Sun Microsystems, Inc.  Oracle System Handbook - ISO 7.0 May 2018 Internal/Partner Edition
   Home | Current Systems | Former STK Products | EOL Systems | Components | General Info | Search | Feedback

Asset ID: 1-71-1970759.1
Update Date:2018-04-10
Keywords:

Solution Type  Technical Instruction Sure

Solution  1970759.1 :   How to Replace an Exadata X5-2/X6-2 Compute Node Infiniband Card  


Related Items
  • Zero Data Loss Recovery Appliance X6 Hardware
  •  
  • Exadata X5-2 Hardware
  •  
  • Exadata X5-2 Eighth Rack
  •  
  • Exadata X5-2 Full Rack
  •  
  • Exadata X6-2 Hardware
  •  
  • Exadata X5-2 Quarter Rack
  •  
  • Zero Data Loss Recovery Appliance X5 Hardware
  •  
  • Exadata X5-2 Half Rack
  •  
Related Categories
  • PLA-Support>Sun Systems>Sun_Other>Sun Collections>SN-OTH: x64-CAP VCAP
  •  




In this Document
Goal
Solution
References


Oracle Confidential PARTNER - Available to partners (SUN).
Reason: FRU replacement on Engineered system

Applies to:

Exadata X5-2 Hardware - Version All Versions and later
Exadata X5-2 Quarter Rack - Version All Versions and later
Exadata X5-2 Eighth Rack - Version All Versions and later
Zero Data Loss Recovery Appliance X5 Hardware - Version All Versions and later
Exadata X5-2 Full Rack - Version All Versions and later
Information in this document applies to any platform.

Goal

 How to replace a faulty Infiniband card in Exadata X5-2/X6-2 Compute Node

Solution

 DISPATCH INSTRUCTIONS


WHAT SKILLS DOES THE FIELD ENGINEER/ADMINISTRATOR NEED?:

Exadata Server Training.

 

TIME ESTIMATE: 60 minutes.

TASK COMPLEXITY: 3-FRU


FIELD ENGINEER/ADMINISTRATOR INSTRUCTIONS:

WHAT STATE SHOULD THE SYSTEM BE IN TO BE READY TO PERFORM THE RESOLUTION ACTIVITY?:

The server that contains the faulty Infiniband HCA card should have its services offline and system powered off.


WHAT ACTION DOES THE FIELD ENGINEER/ADMINISTRATOR NEED TO TAKE?:

The instructions below assume the customer DBA is available and working with the field engineer onsite to manage the host OS and
DB/ASM services.

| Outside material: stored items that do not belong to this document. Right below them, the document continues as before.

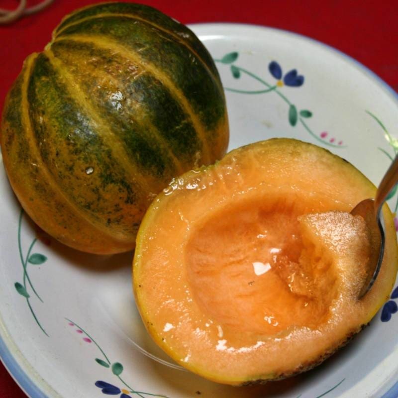 French Heirloom 1787. The Noir De Carmes Melon is a rare Heirloom preserved by the Carmelite monks of France. Has deep smooth ribs and skin so dark green that it is almost black but ripens to mottled orange. Aromatic flesh that is gently sweet. Grows 2-3 l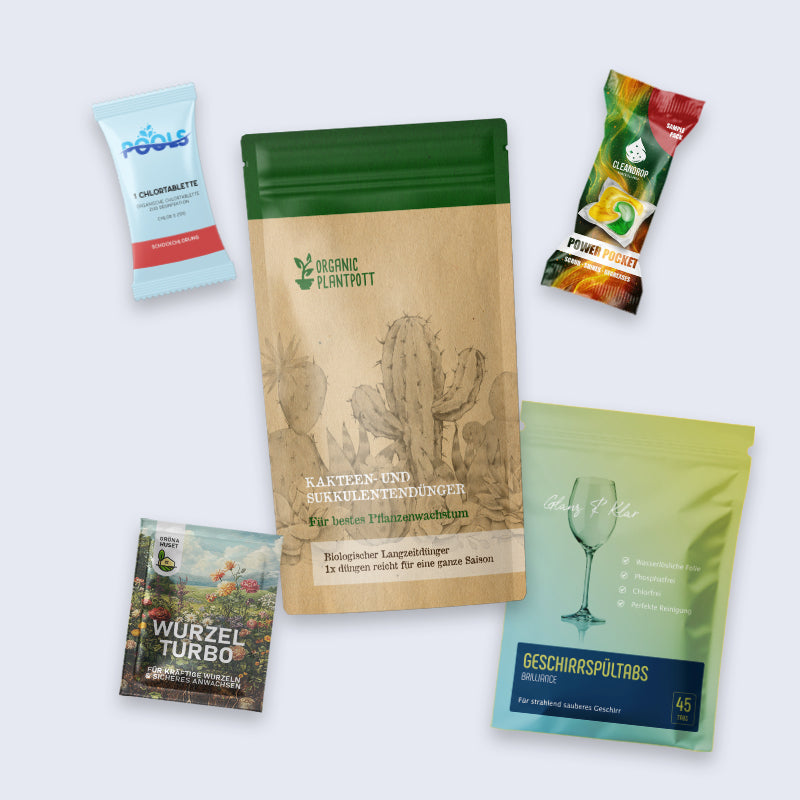 Unsere Verpackungen für Haushalts- und Gartenprodukte bieten optimalen Schutz und werden individuell nach Ihren Anforderungengefertigt. Ideal für Gartenbedarf, Reinigungsmittel oder kleine Haushaltsgegenstände. Wählen Sie Ihre individuelle Verpackung - mit recycelbaren Materialien, wiederverschließbaren Zippern, Sichtfenstern und matten oder glänzenden Oberflächen.
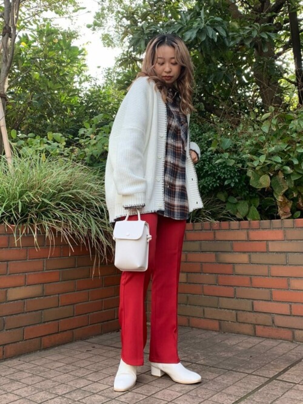 カーディガンのインナーに迷ってる方!! ロンTも良いけど、チェックシャツで 季節感を出すのもおすすめ☺︎ カラーパンツを差し色にまとまりある コーデになります!!

They are provided here to allow the FE to have all the available steps needed when onsite, and can be done by the
FE if the customer DBA wants or allows or needs help with their steps.

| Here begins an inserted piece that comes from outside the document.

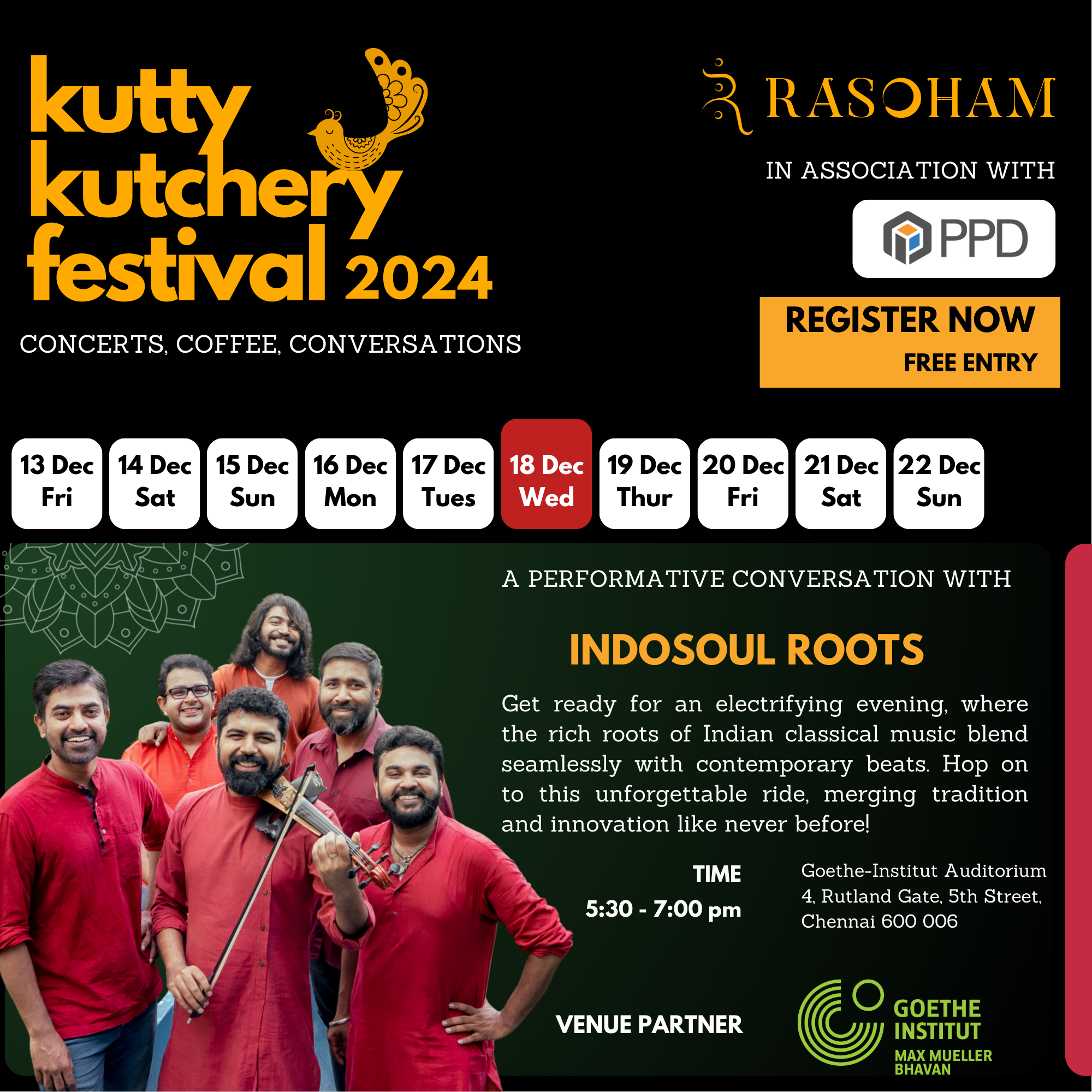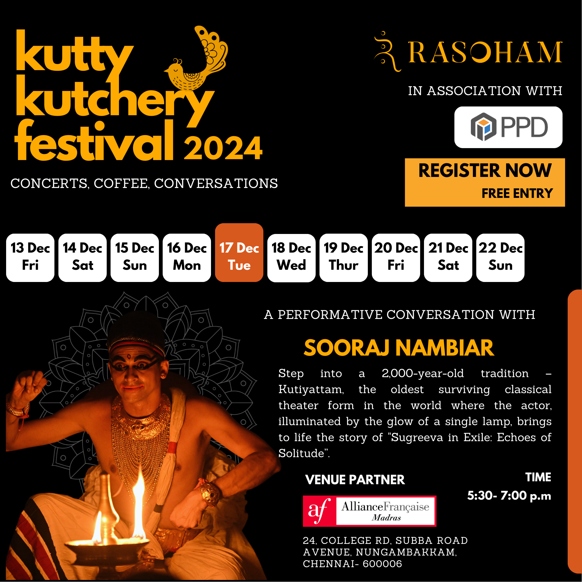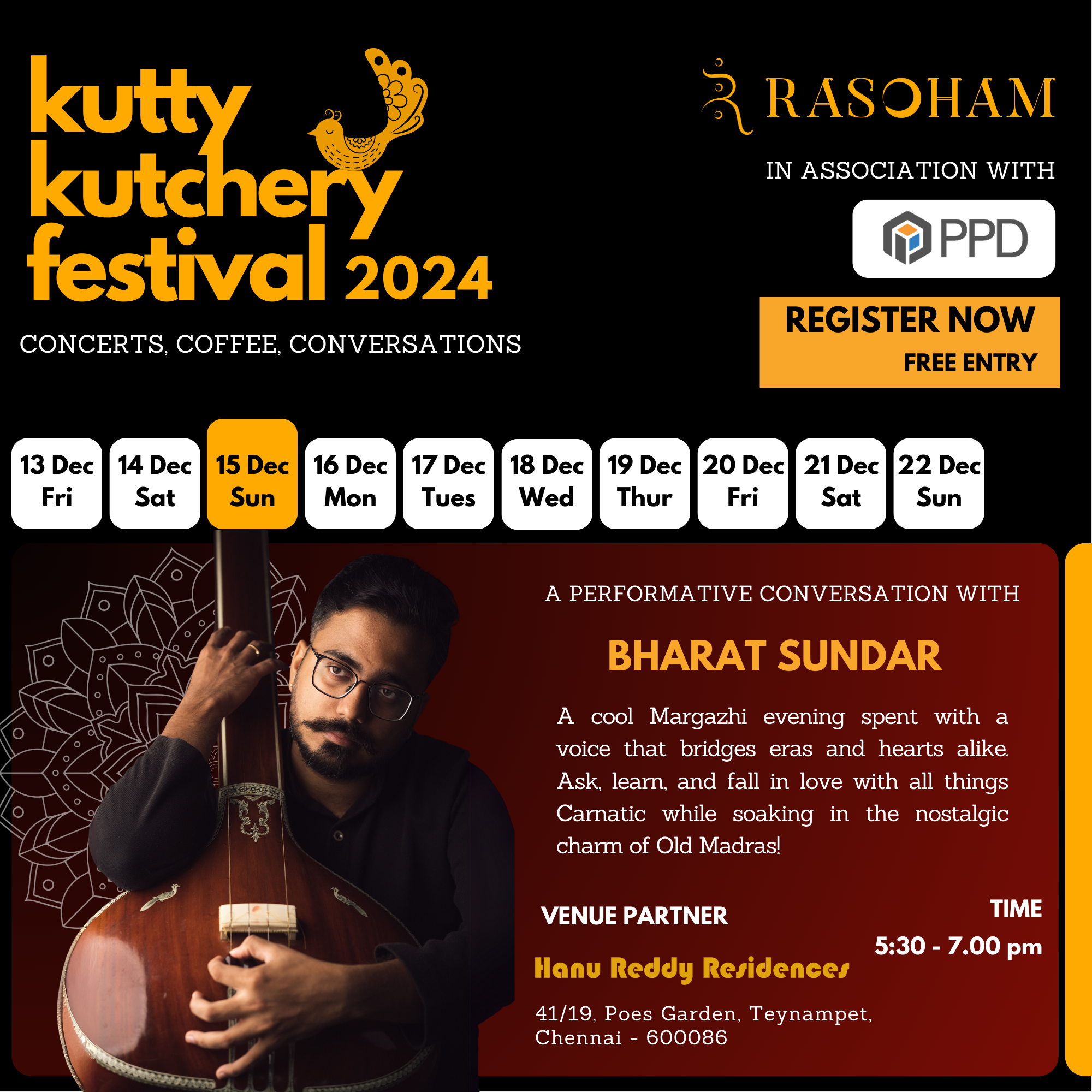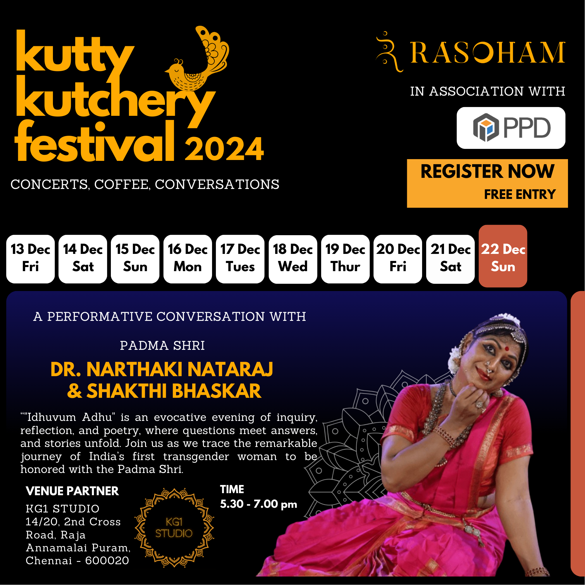 A heartfelt thank you to our ART HOST Venue Partners: RASOHAM Studio, Narthaki Studios, Hanu Reddy Residences, Bharatakalanjali’s TEACH Auditorium, Alliance Française, Goethe-Institut, Kaladiksha, Medai, Rare Lily and KG1 Studios for their incredible support during the Kutty Kutchery Festival 2024.

Step A. Pre-Steps to shutdown the node for servicing:


1. For Extended information on this section, check MOS Note:
ID 1093890.1 Steps To Shutdown/Startup The Exadata & RDBMS Services and Cell/Compute Nodes On An Exadata Configuration.

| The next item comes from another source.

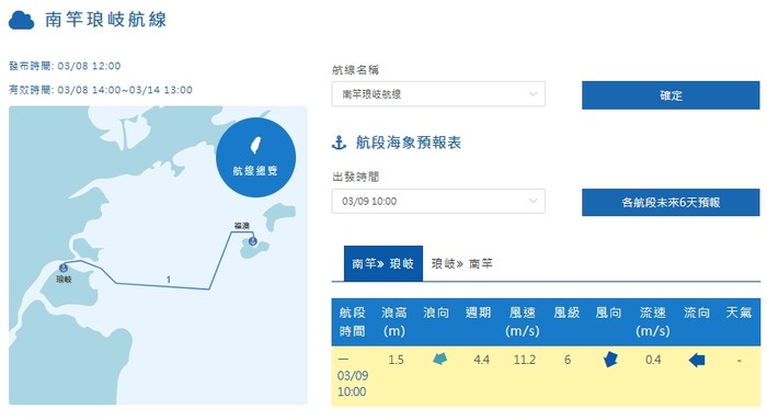 因交通部中央氣象署預報顯示,115年03月09日 因海象不佳,基於旅客安全及航行風險評估,本航線將於上述期間停航一日,敬請旅客留意並見諒。

For a documentation reference, in the Exadata Maintenance Guide, use the section of chapter 1 "General Maintenance Information"
titled "Non-Emergency Power Procedures" section "Powering Off Oracle Exadata Rack" sub-section "Powering off Database Servers" available on the customer's
cell server image in the /opt/oracle/cell/doc directory, or internal to Oracle here:
http://amomv0115.us.oracle.com/archive/cd_ns/E50790_01/doc/doc.121/e51951/general.htm#DBMMN21014

2.Check if there are any non-default Infiniband partitions.

 - Refer to document Updating IB partitions after replacing an Infiniband HCA in any nodes within IB network - steps to do after replacing HCA (Doc ID 1985159.1) - follows steps 1 and 2 from the document.


if running OVM then go to section "For Compute Node running OVM" - for non-OVM proceed as follows:


Shutdown crs


i. As root user do the following to stop crs and disable autostart of crs on reboot:

# . oraenv
ORACLE_SID = [root] ? +ASM1
The Oracle base for ORACLE_HOME=/u01/app/11.2.0/grid is /u01/app/oracle
# $ORACLE_HOME/bin/crsctl disable crs
# $ORACLE_HOME/bin/crsctl stop crs
or
# <GI_HOME>/bin/crsctl stop crs

where GI_HOME environment variable is typically set to “/u01/app/11.2.0/grid” but will depend on the customer's environment.
In the above output the “1” of “+ASM1” refers to the DB node number. For example, Db node #3 the value would be +ASM3.

ii. Validate CRS is down cleanly. There should be no processes running.

# ps -ef | grep css

For Compute Node running OVM proceed as follows:


If there are any concerns engage EEST engineer.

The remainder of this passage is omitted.